И в то же время это горькое знание было его единственным, его великим достоянием, и потому так презрительно отметал он проповедь дона Луиса, желавшего вернуть его на стезю добродетели. Чтобы заглушить ненавистный, лицемерный, несущий обман голос, Дон Жуан начинал во время монолога дона Луиса с гиканьем и смехом шумно перекатывать по сцене тяжелые тележные колеса. Однако же жить с этим достоянием — знанием — было не только трудно, но и бессмысленно, и потому Дон Жуану все меньше хотелось жить. В последней сцене Волков так нетерпеливо, с такой горячностью произносил свою многократную реплику «Дадут ли мне наконец поужинать», что становилось ясно: он ждал ужина как часа смерти. А улыбка облегчения, с которой он смотрел на свою руку, хранящую следы «каменного» прикосновения, говорила о том, как он рад, что его надежда сбылась.

Мольеровская притча о Дон Жуане и у Эфроса оставалась притчей, с характерной для жанра «универсальностью» смысла. Об универсальности этой свидетельствовала, в частности, декорация Д. Боровского, выгородившего на сцене нечто вроде старого, просторного, щелястого амбара, на первоначальное предназначение которого намекал разбитый церковный витраж в задней стене. В самом центре этой заброшенной церкви-амбара высилось 91 что-то вроде гробницы, превращенной за долгие годы в импровизированное ложе.

И тем не менее, при всей универсальности притча Эфроса мечена совершенно определенным временем — серединой семидесятых, т. е. пиком периода застоя. Подобно своему герою режиссер пошел до конца, представив в своем спектакле позицию социальной пассивности как активный сознательный выбор, как своего рода «предел свободы» для человека, до конца осознавшего смысл исторической ситуации и отказывающегося от всяких иллюзий насчет возможности результативного на нее воздействия.

«Дон Жуан» стал этапным свершением Эфроса, может быть, лучшим из его созданий, потому что в нем режиссер вместе со своим героем сумел приподняться над типовой ситуацией, составляющей коллизию всех его спектаклей.

Персонажи «Трех сестер», «Человека со стороны», «Брата Алеши» активно действовали, потому что стремились преодолеть, переменить, вырваться, но их действие наталкивалось на глухую стену, их движение неизбежно принимало вид движения по кругу, их бессильный бунт окрашивался в истерические тона индивидуалистического протеста. Они действовали, но они были несвободны, Дон Жуан отказывался действовать, но был свободен, свободен той единственной свободой, возможной в подобной исторической ситуации: свободой до конца идущей мысли, свободой от иллюзий, свободой от эгоизма, дающейся осознанием своей судьбы как всеобщей.
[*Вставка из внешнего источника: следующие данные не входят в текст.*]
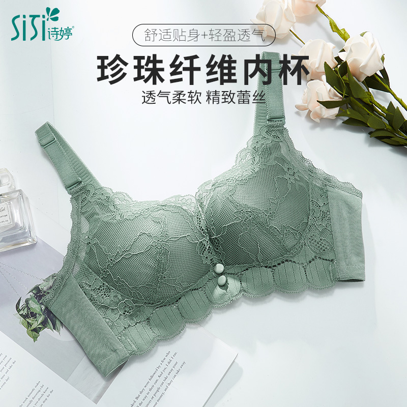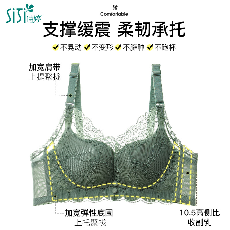 芬腾女士内衣大胸显小上托防下垂文胸蕾丝性感聚拢薄款 无钢圈胸罩
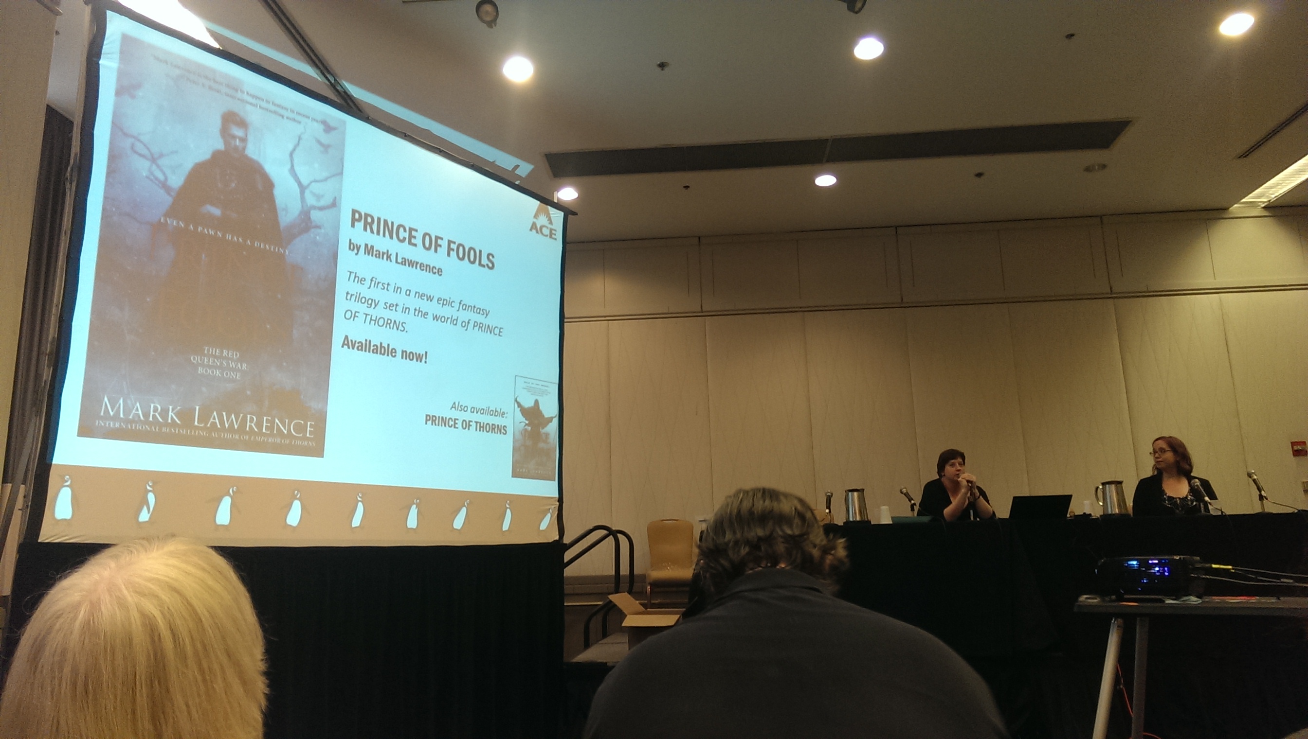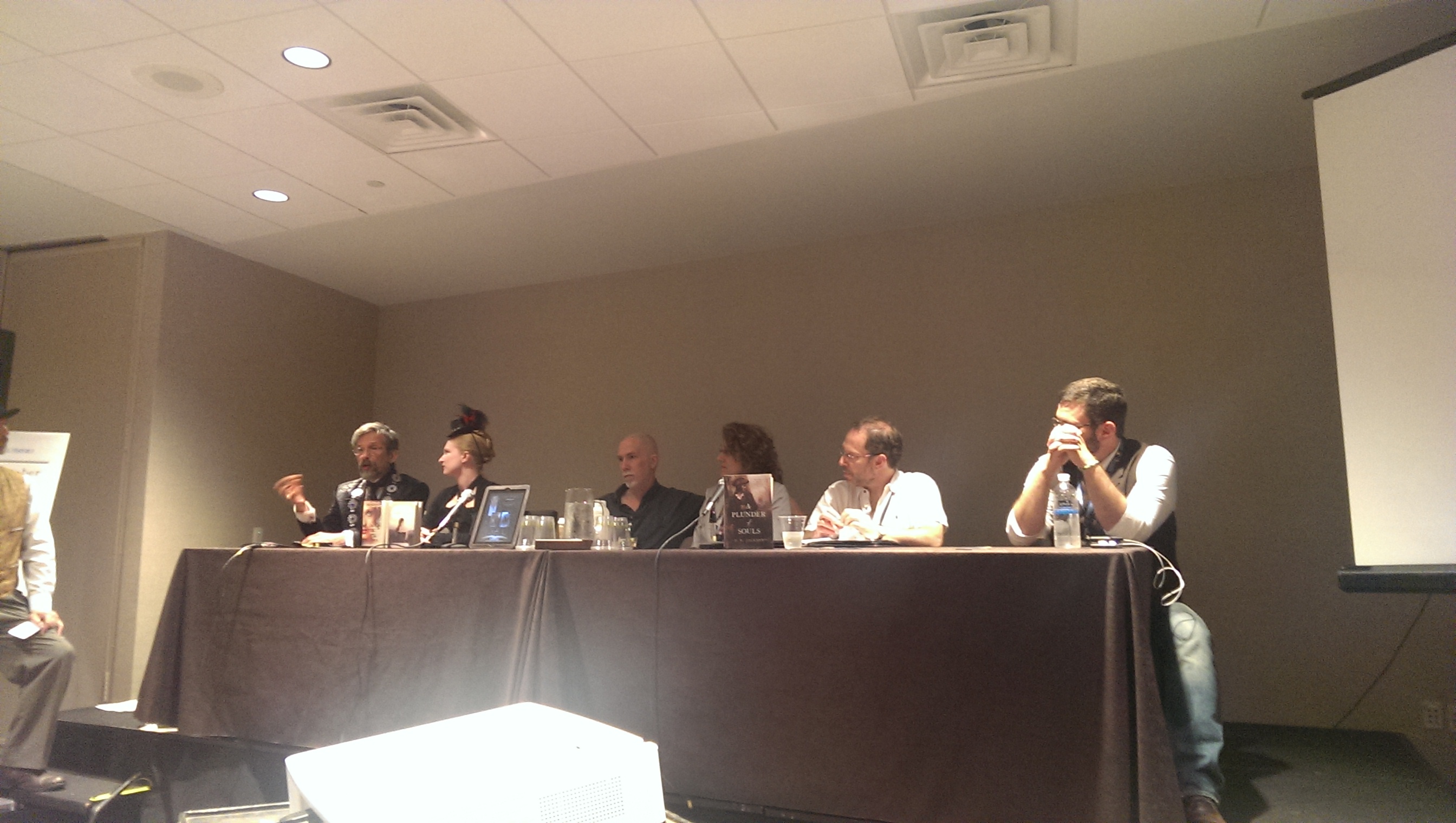 And then there was the Writer’s Track. Nancy Knight and cohorts did a great job organizing the panels, attracting guests and choosing topics, but too many of them didn’t really speak to me. Maybe I should see this as a positive, but I’m not at the point anymore where I’m interested in learning about showing vs telling or why it’s necessary for a story to have conflict; been there, done that. Not that there isn’t always more to learn or that some of the panels weren’t insightful (the “Catastrophes of Publishing” was a highlight, with Elizabeth Moon and Janny Wurts holding some serious court and dishing out knowledge like it was gruel at a Dickensian orphanage), but when you’re sitting in a room full of people and the moderator says, “who here wants to write but hasn’t yet written anything?” and more than a fair number of hands go up, that’s when the “good for them, but what the hell am I doing here?” feeling kicks in.

Эта тема свободы, сделавшая спектакль необычно для Эфроса ясным, строгим и мужественным, существовала на всех уровнях созданного им зрелища, буквально его пронизывала. Она, например, прочитывалась в свободе от вожделений, характеризующей волковского Дон Жуана, который сюжеты своих любовных приключений разыгрывал чисто механически, с трудом, с сожалением отрываясь от внутренней душевной работы. И она же была заявлена в приеме, впервые использованном Эфросом именно в «Дон Жуане»: режиссер вынес в нем действие в зрительный зал, то есть предоставил всепроникающей мысли героя все возможное пространство. И когда Дон Жуан, стоя у входа в партер, переговаривался-перекрикивался со стоящим у рампы Сганарелем о смысле существования — это действительно читалось как своего рода художественная метафора беспредельности человеческой мысли. «Дон Жуана» еще и потому можно назвать вершинным спектаклем Эфроса, что всем предыдущим режиссер к нему как бы подходил, поднимался, а после него начал отходить — спускаться. Мгновение свободы, дарованное ужасным прозрением, так и осталось мгновением — жить на этой ледяной вершине Эфрос не мог. Все дальнейшее стало своего рода изменой себе, потому что все, что делал Эфрос до «Дон Жуана», было еще до минуты прозрения, а все, что после, уже после той минуты, о которой он словно бы старался забыть.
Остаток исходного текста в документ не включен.